# [Supplied records]
───

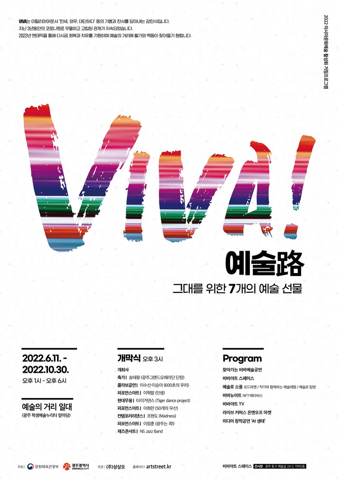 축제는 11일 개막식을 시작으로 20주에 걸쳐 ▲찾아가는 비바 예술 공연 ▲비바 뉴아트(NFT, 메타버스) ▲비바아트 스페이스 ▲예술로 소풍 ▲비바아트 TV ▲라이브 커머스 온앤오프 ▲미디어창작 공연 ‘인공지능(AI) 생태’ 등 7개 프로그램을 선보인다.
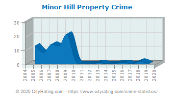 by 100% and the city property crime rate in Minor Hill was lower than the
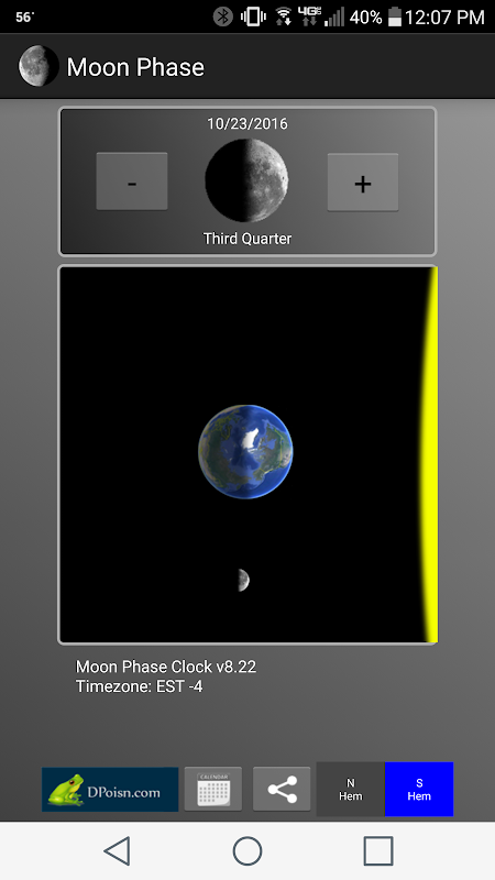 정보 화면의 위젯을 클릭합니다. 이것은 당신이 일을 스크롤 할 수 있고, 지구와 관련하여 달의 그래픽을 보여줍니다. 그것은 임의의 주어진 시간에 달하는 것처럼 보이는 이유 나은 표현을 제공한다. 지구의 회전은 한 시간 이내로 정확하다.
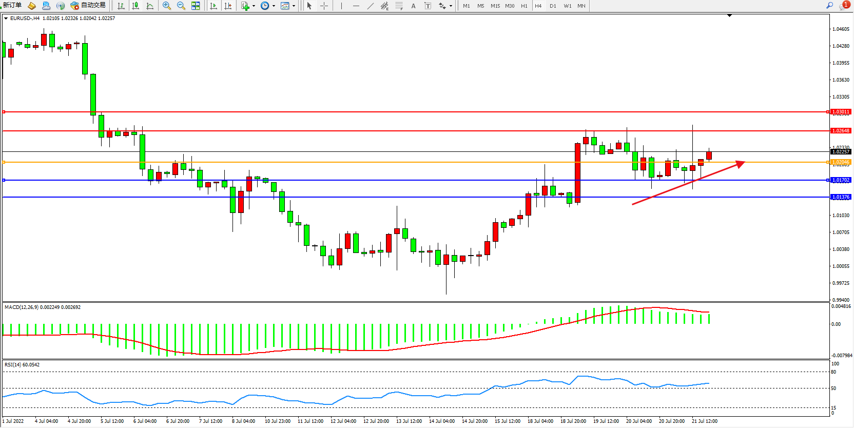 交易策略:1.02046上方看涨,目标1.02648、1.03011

───

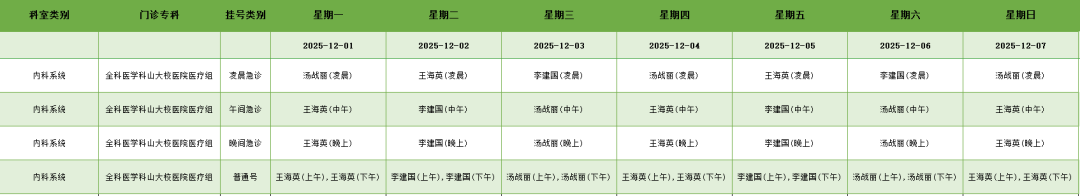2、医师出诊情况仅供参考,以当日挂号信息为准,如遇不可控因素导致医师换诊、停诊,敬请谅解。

───

# [How to complete this task]
Restate word for word every line from the one with "by 100% and" up to and including the one with "交易策略:1.02046上方看涨,目标1.02648、1.03011" in the records above, minus the pictures.

# [Completed task]
 by 100% and the city property crime rate in Minor Hill was lower than the
 정보 화면의 위젯을 클릭합니다. 이것은 당신이 일을 스크롤 할 수 있고, 지구와 관련하여 달의 그래픽을 보여줍니다. 그것은 임의의 주어진 시간에 달하는 것처럼 보이는 이유 나은 표현을 제공한다. 지구의 회전은 한 시간 이내로 정확하다.
 交易策略:1.02046上方看涨,目标1.02648、1.03011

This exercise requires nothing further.